======== MATERIAL FOR THIS TASK
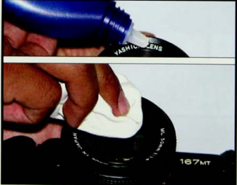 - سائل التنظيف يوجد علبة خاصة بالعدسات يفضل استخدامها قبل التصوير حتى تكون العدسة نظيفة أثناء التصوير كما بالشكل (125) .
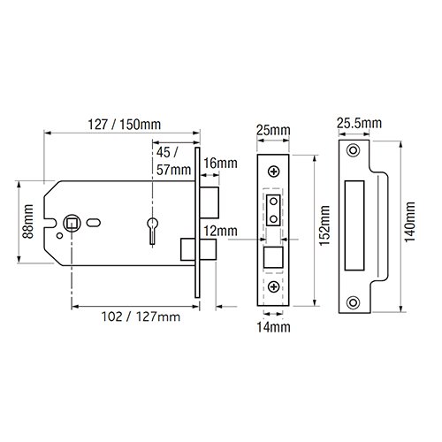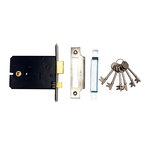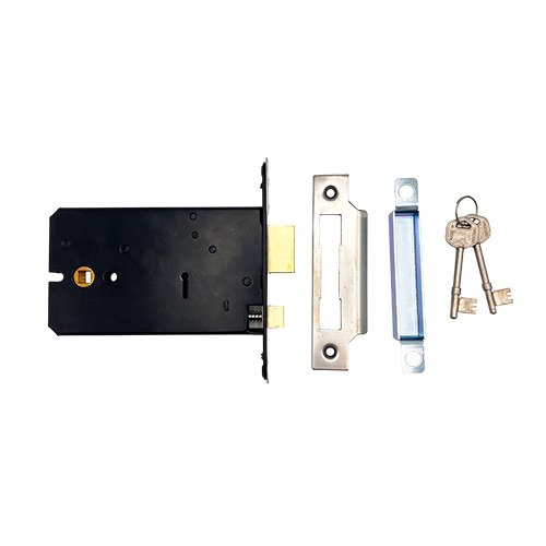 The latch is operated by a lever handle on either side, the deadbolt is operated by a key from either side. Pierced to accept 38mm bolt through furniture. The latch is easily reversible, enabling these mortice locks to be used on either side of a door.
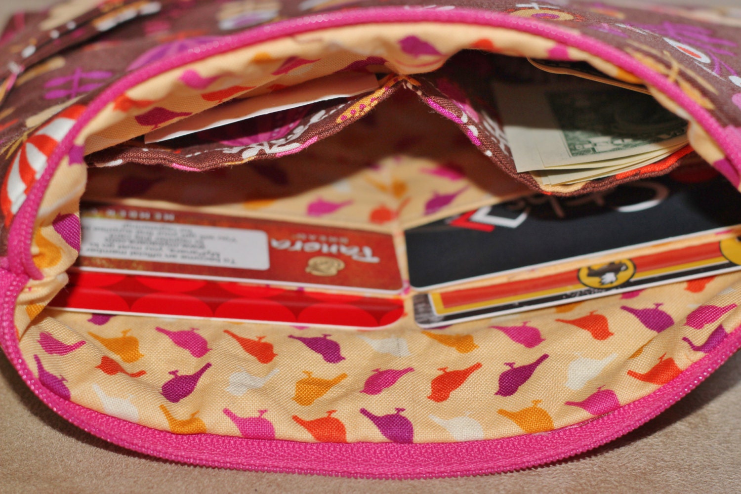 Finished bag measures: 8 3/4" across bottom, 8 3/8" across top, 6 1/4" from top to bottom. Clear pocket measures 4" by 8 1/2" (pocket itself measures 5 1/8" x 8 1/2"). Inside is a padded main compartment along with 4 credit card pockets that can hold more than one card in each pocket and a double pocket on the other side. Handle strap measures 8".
================
======== MATERIAL FOR THIS TASK
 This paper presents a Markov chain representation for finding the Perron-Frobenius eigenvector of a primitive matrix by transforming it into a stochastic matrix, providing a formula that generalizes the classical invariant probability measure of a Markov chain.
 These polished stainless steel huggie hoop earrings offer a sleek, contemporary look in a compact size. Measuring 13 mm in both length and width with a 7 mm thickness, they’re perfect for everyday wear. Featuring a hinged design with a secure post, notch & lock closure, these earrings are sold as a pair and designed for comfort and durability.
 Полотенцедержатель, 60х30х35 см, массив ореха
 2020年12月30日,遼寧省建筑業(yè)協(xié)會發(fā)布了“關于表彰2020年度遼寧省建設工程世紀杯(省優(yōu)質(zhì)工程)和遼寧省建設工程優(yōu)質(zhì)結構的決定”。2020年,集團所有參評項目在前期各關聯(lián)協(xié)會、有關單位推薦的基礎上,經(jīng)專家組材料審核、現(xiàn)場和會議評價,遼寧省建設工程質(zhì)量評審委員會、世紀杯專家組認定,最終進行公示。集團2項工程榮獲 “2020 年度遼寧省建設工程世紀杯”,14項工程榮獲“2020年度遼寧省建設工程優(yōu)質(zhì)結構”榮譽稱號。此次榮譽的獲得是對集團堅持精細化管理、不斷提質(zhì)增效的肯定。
================
- [TASK ITEM]
In the listing above, find the line with "- سائل التنظيف" and the line with "Finished bag measures: 8". Output both, plus every line between them, and no pictures.

- [WRITTEN RESPONSE]
 - سائل التنظيف يوجد علبة خاصة بالعدسات يفضل استخدامها قبل التصوير حتى تكون العدسة نظيفة أثناء التصوير كما بالشكل (125) .
 The latch is operated by a lever handle on either side, the deadbolt is operated by a key from either side. Pierced to accept 38mm bolt through furniture. The latch is easily reversible, enabling these mortice locks to be used on either side of a door.
 Finished bag measures: 8 3/4" across bottom, 8 3/8" across top, 6 1/4" from top to bottom. Clear pocket measures 4" by 8 1/2" (pocket itself measures 5 1/8" x 8 1/2"). Inside is a padded main compartment along with 4 credit card pockets that can hold more than one card in each pocket and a double pocket on the other side. Handle strap measures 8".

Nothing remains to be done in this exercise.